═══ Input data ═══

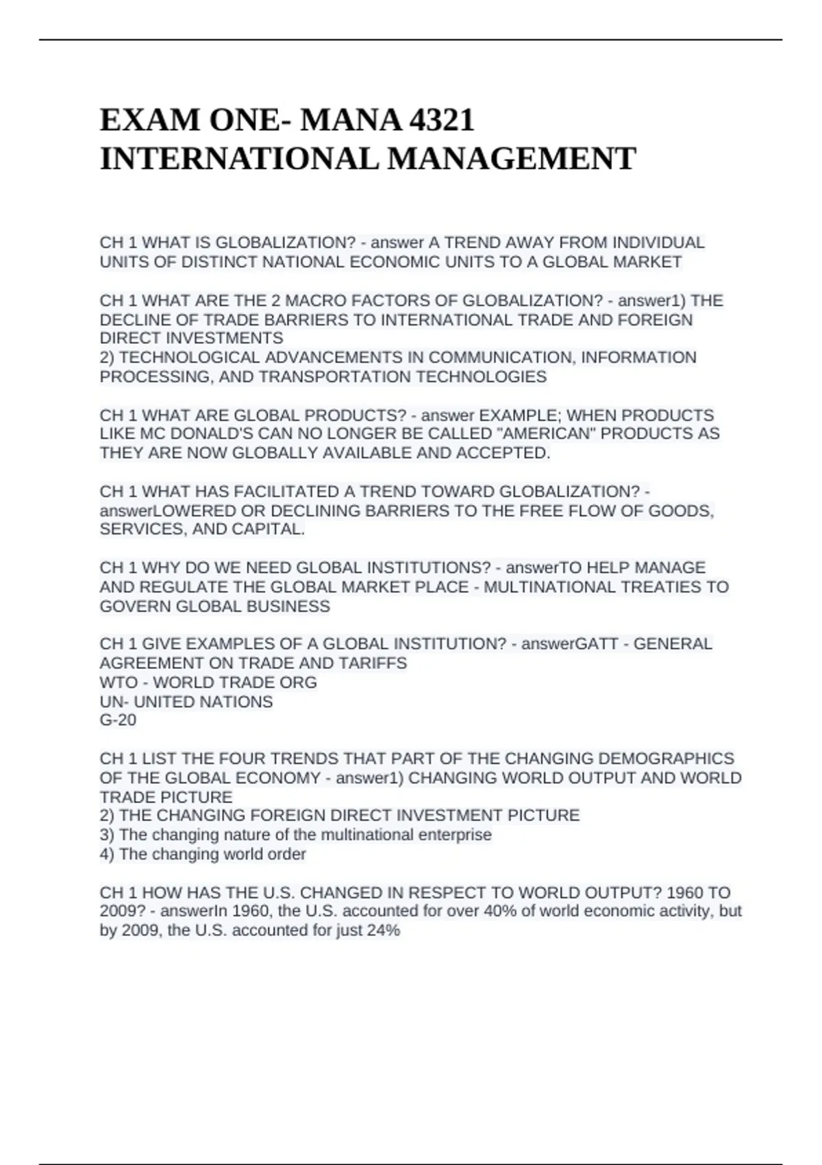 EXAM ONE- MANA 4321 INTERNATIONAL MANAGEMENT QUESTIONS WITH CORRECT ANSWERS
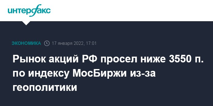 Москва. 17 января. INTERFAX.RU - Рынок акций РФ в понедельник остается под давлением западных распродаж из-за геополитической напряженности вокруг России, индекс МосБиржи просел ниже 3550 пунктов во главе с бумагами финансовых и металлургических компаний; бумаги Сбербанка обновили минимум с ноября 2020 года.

═══
═══ Input data ═══

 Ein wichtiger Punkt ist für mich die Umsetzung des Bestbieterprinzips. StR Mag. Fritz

═══

* [Work task] In the listing above, find the line containing "EXAM ONE- MANA" and the line containing "Москва. 17 января.", then print exactly those two lines and every line between them, minus the pictures.

* [Exercise result]
 EXAM ONE- MANA 4321 INTERNATIONAL MANAGEMENT QUESTIONS WITH CORRECT ANSWERS
 Москва. 17 января. INTERFAX.RU - Рынок акций РФ в понедельник остается под давлением западных распродаж из-за геополитической напряженности вокруг России, индекс МосБиржи просел ниже 3550 пунктов во главе с бумагами финансовых и металлургических компаний; бумаги Сбербанка обновили минимум с ноября 2020 года.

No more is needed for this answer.